The original foundation of the Surviving Sepsis Campaign was the Rivers trial on early goal-directed therapy. This is basically the NINDS trial of the critical care world: a study with ~300 patients showing implausibly positive results, published in NEJM, and rapidly brainwashing an entire discipline. The NINDS and Rivers trials became dogma not because they were rigorous, but rather because people wanted to believe them. After struggling for decades to treat stroke and sepsis, these finally represented some hope.
The unfortunate reality is that the Rivers trial was a flimsy study. It was a single-center study with dodgy methodology, including mysterious disappearance of 25 patients who were randomized but never analyzed. Dr. Rivers had major conflicts of interest, including patenting a catheter to monitor svcO2.

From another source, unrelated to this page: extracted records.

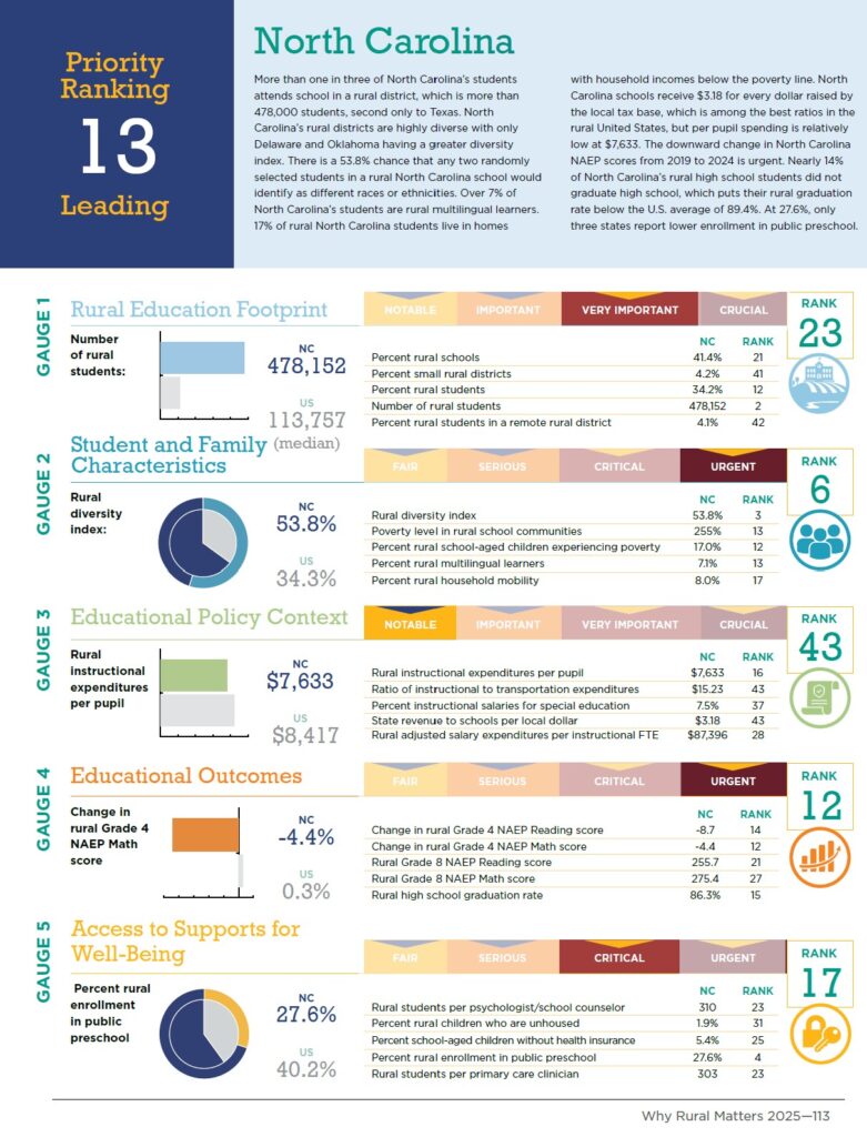 The report includes state-by-state rankings. North Carolina ranks 2nd in the country for the number of rural students served, according to the report. More than 7% of our students are rural multilingual learners, ranking 13th. Only three states report lower rural enrollment in public preschool.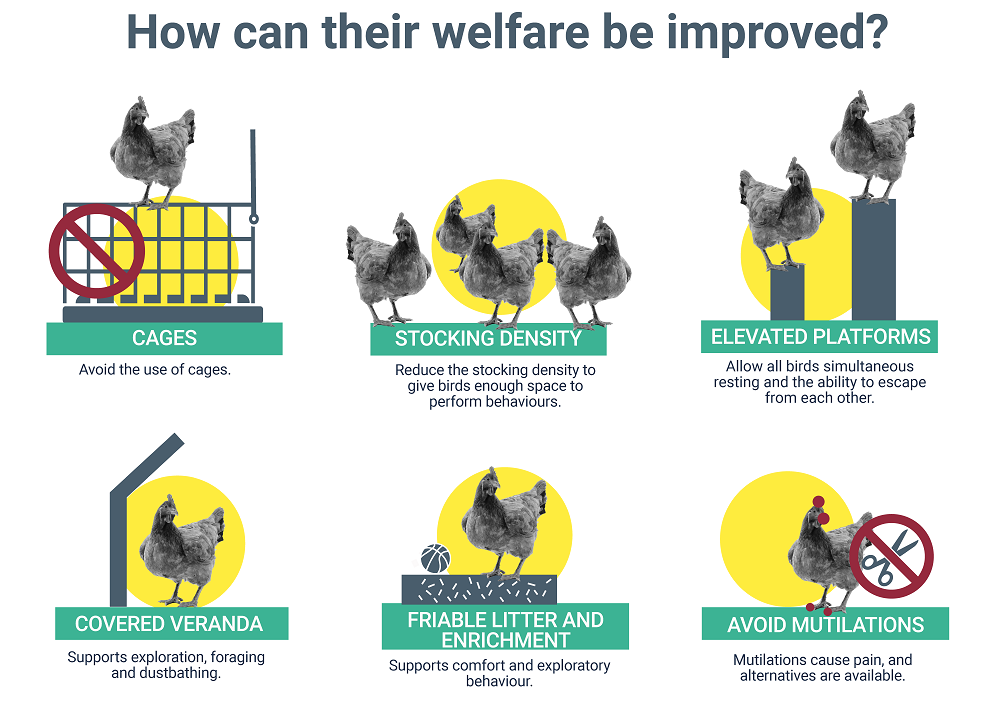 Per fare un esempio, gli esperti dell’Efsa raccomandano, oltre all’eliminazione delle gabbie, di fornire lettiere asciutte e friabili, con materiali di arricchimento in grado di stimolare i comportamenti naturali degli animali e piattaforme elevate per permettere alle galline di riposarsi. Inoltre, per i polli da carne, si consiglia di limitare il ritmo di accrescimento dei broiler a 50 grammi al giorno (si tratta di un tasso di crescita molto vicino a quello delle razze a lento accrescimento impiegate nell’allevamento biologico che prevede 45 g/die).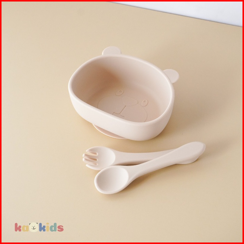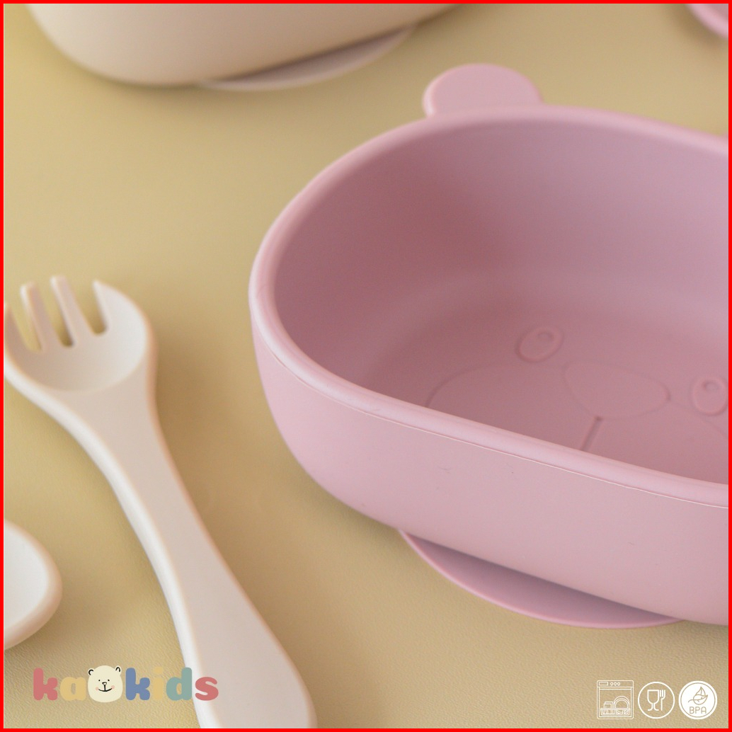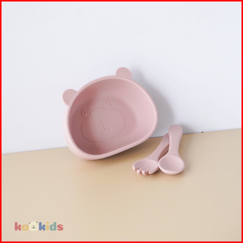 Kaokids Kids Silicone Bear Bowl Set Mangkok Makan Mpasi Silikon Anak Bayi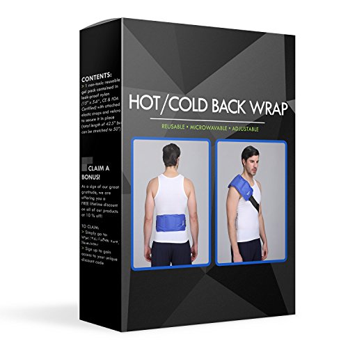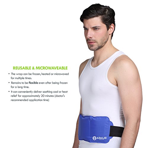 ALL-IN-ONE SOLUTION FOR PAIN RELIEF: A great first aid essential for home or clinical use when relieving pain & treating injuries by hot or cold therapy on your back, shoulder, torso, thighs, or any large area of your body. With the attached adjustable velcro straps on the gel ice pack, this whole wrap can securely stay in place, keeping you mobile and comfortable at all times. (Total length of the whole wrap is 42.5" and can be stretched up to 50" — it fits waist size of 29" and up)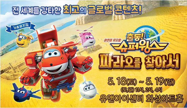 1. 어린이뮤지컬 〈출동! 슈퍼윙스〉- 파라오를 찾아서! - 화성,장소:,기간:2019년 5월 18일~2019년 5월 19일

The Rivers trial and the Surviving Sepsis Campaign popularized sepsis protocols, which saved lives. Massive accomplishment. However, that doesn't validate the individual components of early goal-directed therapy. Any protocol involving early identification and intensive care of septic patients probably would have worked.
Over time, nearly every component of early goal-directed therapy was disproven. Transfusing patients to a hemoglobin of 10 mg/dL is now recognized to be foolish. Central venous pressure predicts fluid responsiveness about as well as flipping a coin (Marik 2008). Monitoring the svcO2 saturation has been proven to be unnecessary. Massive fluid resuscitation encouraged by the protocol is increasingly recognized to be harmful (in the initial Rivers study, protocoled patients received an average of 13.4 liters!). The only core component that has survived the test of time is maintaining a mean arterial pressure above 65mm.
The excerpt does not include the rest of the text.